Nice. I'm extra fond of ZFS backed network root filesystem, because it lets you put an OS on ZFS without needing to deal with ZFS support in that OS. (One of these days I want to try OpenBSD with its root on NFS on ZFS, either from Linux or FreeBSD.)
We've spent a lot of time over the last decade making NBD a faster and better protocol: pipelined requests, full support for trim and zeroing, load balancing over multiple connections, a proper specification, new client and server implementations (libnbd, nbdkit), standard command line tooling, interop testing between all the implementations, and a formal URI specification. It's very trivial to set up an NBD server and there's tons of documentation about how to connect to it with different clients (start here: https://gitlab.com/nbdkit/nbdkithttps://libguestfs.org/nbdkit.1.html#SEE-ALSO).

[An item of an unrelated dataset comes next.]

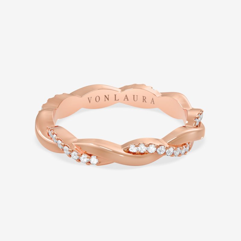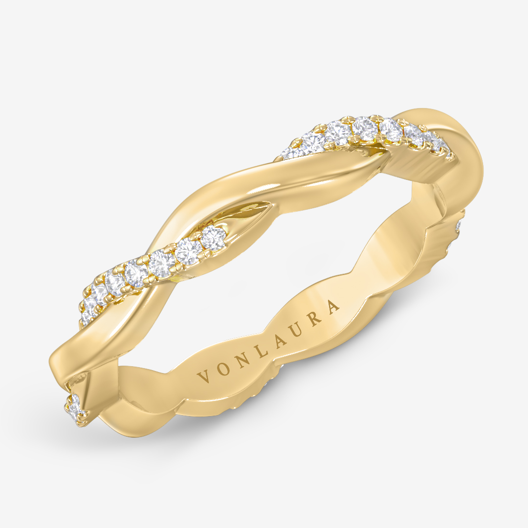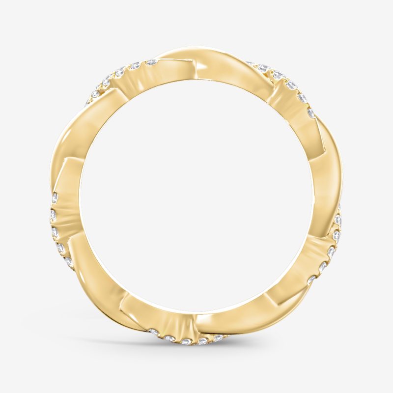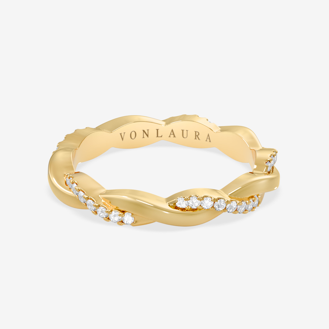 Elowen is a beautifully crafted band with an elegant twisted design, enriched with shimmering round-cut diamonds that follow the flow of the gold. The braided structure gives the ring depth, movement, and a timeless character. Perfect to wear alone or stacked alongside an engagement ring for added sparkle and sophistication.

Unfortunately in this specific case (diskless booting) dracut support still sucks, which I really need to get around to fixing at some point.

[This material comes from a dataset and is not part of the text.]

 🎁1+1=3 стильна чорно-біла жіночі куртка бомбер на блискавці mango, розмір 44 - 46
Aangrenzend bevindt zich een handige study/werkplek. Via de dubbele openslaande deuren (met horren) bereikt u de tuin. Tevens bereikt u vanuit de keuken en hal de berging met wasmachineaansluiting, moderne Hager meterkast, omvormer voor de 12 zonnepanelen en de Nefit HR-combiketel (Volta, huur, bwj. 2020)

Well, iSCSI is a standard, so chances are better that it's supported in a non-Linux OS, e.g. MS Windows. Years ago I booted a Windows (7, iirc) client that way, but gave up on it (too much hassle and performance limited by the network) when SSDs became cheap.
I don’t have direct experience, but when I looked into it my takeaway that NBD was unable to reliably deal with network interruptions as well as iscsi.
Does anyone have an opinion on iSCSI vs NBD?